Sorry, I meant "Eww" at my mom, cause I don't think she should walk out of the shower in just underwear, I don't wanna see that.


----------



## jdepp_84 (Nov 28, 2007)

Originally Posted by *puncturedskirt* /img/forum/go_quote.gif She does have a bit of cellulite going on but it's nice to see that you don't always have to be a bean pole...She's still pretty.

I agree too


----------



## glitter_vertigo (Nov 28, 2007)

I have no idea if that's her or not but it does happen. I'm glad to see it didn't keep her out of her little bikini or the water.


----------



## pinksugar (Nov 28, 2007)

holy crap that is one HUGE ass! but I agree, she's still pretty. Aparently after she got married, or broke up, or had some life altering event that I cant remember right now, she just sat around and ate hamburgers. I remember reading about it


----------



## Mirtilla (Nov 28, 2007)

Take a look here The Superficial - Because You're Ugly


----------



## Aprill (Nov 28, 2007)

blah blah blah...Cellulite happens to the best and the worst, yet the sky hasnt fell yet.....


----------



## AprilRayne (Nov 28, 2007)

I think she looks great! She's got great abs and boobs. She looks like she's having fun with her guy and she seems totally confident with herself. If only I had her body! LOL


----------



## Annia (Nov 28, 2007)

Originally Posted by *Aprill* /img/forum/go_quote.gif blah blah blah...Cellulite happens to the best and the worst, yet the sky hasnt fell yet..... Totally agree.


----------



## Marisol (Nov 29, 2007)

Originally Posted by *puncturedskirt* /img/forum/go_quote.gif She does have a bit of cellulite going on but it's nice to see that you don't always have to be a bean pole...She's still pretty.

I agree.


----------



## aprilpgb22 (Nov 29, 2007)

Wow, Jennifer Love Hewitt i didn't know she had cellulite. You r right about it striking who it wants because i use to think that only women who had kids had cellulite; cause i got it after i had my son. But that's obviously not true.


----------



## debbiedeb77 (Nov 29, 2007)

who cares if she has cellulite...shes still hot. shes famous not superhuman, i dont see why people are freaking out. most people get cellulite eventually- its not cancer for petes sake


----------



## lummerz (Nov 29, 2007)

how come no one fawns over me when i have cellulite?  /emoticons/[email protected] 2x" width="20" height="20" />


----------



## amandabelle (Nov 29, 2007)

Originally Posted by *puncturedskirt* /img/forum/go_quote.gif She does have a bit of cellulite going on but it's nice to see that you don't always have to be a bean pole...She's still pretty.

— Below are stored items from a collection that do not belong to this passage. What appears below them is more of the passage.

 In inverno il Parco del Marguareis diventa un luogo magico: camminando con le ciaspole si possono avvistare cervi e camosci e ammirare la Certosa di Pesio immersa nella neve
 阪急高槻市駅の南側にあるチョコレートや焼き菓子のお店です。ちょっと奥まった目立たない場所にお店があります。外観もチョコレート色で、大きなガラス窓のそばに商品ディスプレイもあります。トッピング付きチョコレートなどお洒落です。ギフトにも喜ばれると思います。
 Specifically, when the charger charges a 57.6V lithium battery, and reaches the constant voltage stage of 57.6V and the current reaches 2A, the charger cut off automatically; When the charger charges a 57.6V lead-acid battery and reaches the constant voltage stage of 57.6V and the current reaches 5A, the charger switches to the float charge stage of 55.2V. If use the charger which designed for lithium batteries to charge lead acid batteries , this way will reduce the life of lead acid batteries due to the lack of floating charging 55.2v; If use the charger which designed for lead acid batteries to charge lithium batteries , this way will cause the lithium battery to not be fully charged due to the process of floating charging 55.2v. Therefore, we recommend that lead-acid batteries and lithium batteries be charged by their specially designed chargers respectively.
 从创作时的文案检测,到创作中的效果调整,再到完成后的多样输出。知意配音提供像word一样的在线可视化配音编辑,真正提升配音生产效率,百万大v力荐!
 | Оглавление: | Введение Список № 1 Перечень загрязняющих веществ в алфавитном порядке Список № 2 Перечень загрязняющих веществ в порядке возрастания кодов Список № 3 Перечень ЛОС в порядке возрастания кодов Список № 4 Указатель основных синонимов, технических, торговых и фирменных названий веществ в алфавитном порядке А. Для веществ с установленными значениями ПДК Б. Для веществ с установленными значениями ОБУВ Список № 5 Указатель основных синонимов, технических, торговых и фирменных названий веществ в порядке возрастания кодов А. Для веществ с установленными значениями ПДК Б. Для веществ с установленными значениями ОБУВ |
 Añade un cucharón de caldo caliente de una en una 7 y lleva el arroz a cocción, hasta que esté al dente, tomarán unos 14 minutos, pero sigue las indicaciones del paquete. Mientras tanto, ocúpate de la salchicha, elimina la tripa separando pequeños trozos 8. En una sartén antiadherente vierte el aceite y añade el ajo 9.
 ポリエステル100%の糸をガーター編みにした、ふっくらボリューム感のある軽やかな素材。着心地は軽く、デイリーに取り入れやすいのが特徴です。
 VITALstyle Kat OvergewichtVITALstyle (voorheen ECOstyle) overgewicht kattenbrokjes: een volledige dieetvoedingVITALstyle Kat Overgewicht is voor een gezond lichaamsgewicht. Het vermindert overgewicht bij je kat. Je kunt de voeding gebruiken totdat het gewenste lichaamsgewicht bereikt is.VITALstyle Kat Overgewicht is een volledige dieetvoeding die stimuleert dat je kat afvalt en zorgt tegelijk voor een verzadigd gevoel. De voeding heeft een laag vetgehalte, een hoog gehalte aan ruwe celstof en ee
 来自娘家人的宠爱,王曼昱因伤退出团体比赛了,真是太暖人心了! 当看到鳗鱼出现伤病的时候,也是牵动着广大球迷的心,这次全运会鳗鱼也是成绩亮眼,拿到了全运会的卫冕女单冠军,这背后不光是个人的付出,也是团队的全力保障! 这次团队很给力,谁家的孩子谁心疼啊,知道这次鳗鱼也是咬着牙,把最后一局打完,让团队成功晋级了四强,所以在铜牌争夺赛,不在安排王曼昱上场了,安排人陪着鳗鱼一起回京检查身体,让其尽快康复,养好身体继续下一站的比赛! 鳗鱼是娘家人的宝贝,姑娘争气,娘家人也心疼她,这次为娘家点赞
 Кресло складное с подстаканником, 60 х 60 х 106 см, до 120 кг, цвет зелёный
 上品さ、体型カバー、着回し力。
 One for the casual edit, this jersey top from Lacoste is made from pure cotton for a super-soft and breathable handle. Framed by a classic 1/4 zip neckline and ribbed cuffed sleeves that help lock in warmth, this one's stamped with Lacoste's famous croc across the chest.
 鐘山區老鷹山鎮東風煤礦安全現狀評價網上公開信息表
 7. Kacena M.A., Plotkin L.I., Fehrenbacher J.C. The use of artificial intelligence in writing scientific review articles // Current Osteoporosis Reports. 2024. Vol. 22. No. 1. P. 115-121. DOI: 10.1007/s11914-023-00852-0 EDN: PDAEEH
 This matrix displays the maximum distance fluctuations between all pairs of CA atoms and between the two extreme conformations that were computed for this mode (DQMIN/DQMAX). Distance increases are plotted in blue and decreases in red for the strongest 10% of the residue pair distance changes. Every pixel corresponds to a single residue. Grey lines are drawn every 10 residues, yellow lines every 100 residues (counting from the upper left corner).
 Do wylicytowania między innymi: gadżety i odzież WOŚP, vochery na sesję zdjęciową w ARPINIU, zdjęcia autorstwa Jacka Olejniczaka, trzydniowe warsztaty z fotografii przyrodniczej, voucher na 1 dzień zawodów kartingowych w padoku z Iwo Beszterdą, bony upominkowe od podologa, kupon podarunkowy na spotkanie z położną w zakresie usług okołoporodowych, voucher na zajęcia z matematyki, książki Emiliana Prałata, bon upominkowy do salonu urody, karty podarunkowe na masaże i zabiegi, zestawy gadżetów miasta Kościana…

For sure! Its nice to see someone famous not look perfect, but not look horrid!


----------



## farris2 (Nov 29, 2007)

Originally Posted by *Mirtilla* /img/forum/go_quote.gif Take a look here The Superficial - Because You're Ugly Man those people had some brutal comments for her on that site


----------



## AngelaGM (Nov 29, 2007)

Hey my ass looks like hers!


----------



## sweetnsexy6953 (Nov 29, 2007)

Who cares if she has cellulite. I have it and Im soon to be 21. Doesnt bother me any.


----------



## monniej (Nov 29, 2007)

don't tell that now i got to worry about people sneaking up behind me and taking pics of my ass? too much!


----------



## MamaRocks (Nov 29, 2007)

Diito that!


----------



## Maysie (Nov 29, 2007)

Originally Posted by *debbiedeb77* /img/forum/go_quote.gif who cares if she has cellulite...shes still hot. shes famous not superhuman, i dont see why people are freaking out. most people get cellulite eventually- its not cancer for petes sake I totally agree! She looks good to me.


----------



## saintcloudgirl (Nov 29, 2007)

she should be left alone...we all have some part of our body we don't like. She just happens to be famous and beautiful with human flaws.


----------



## SimplyElegant (Nov 29, 2007)

She's gained weight for sure but she doesn't look horrible.


----------



## han (Nov 29, 2007)

sexy!


----------



## makeupfreak72 (Nov 30, 2007)

you guys are all 100% right, of course she's still a beautiful girl, but its just surprising to see a young hollywood actress these days who look a little less than perfect, you know? but yeah it is nice to see that they are not all walking around photoshopped like they just stepped out of a magazine!!


----------



## Andi (Nov 30, 2007)

sheÂ´s obviously gained some weight, but a woman as sexy as her can even pull off that cellulite and still look good IMO.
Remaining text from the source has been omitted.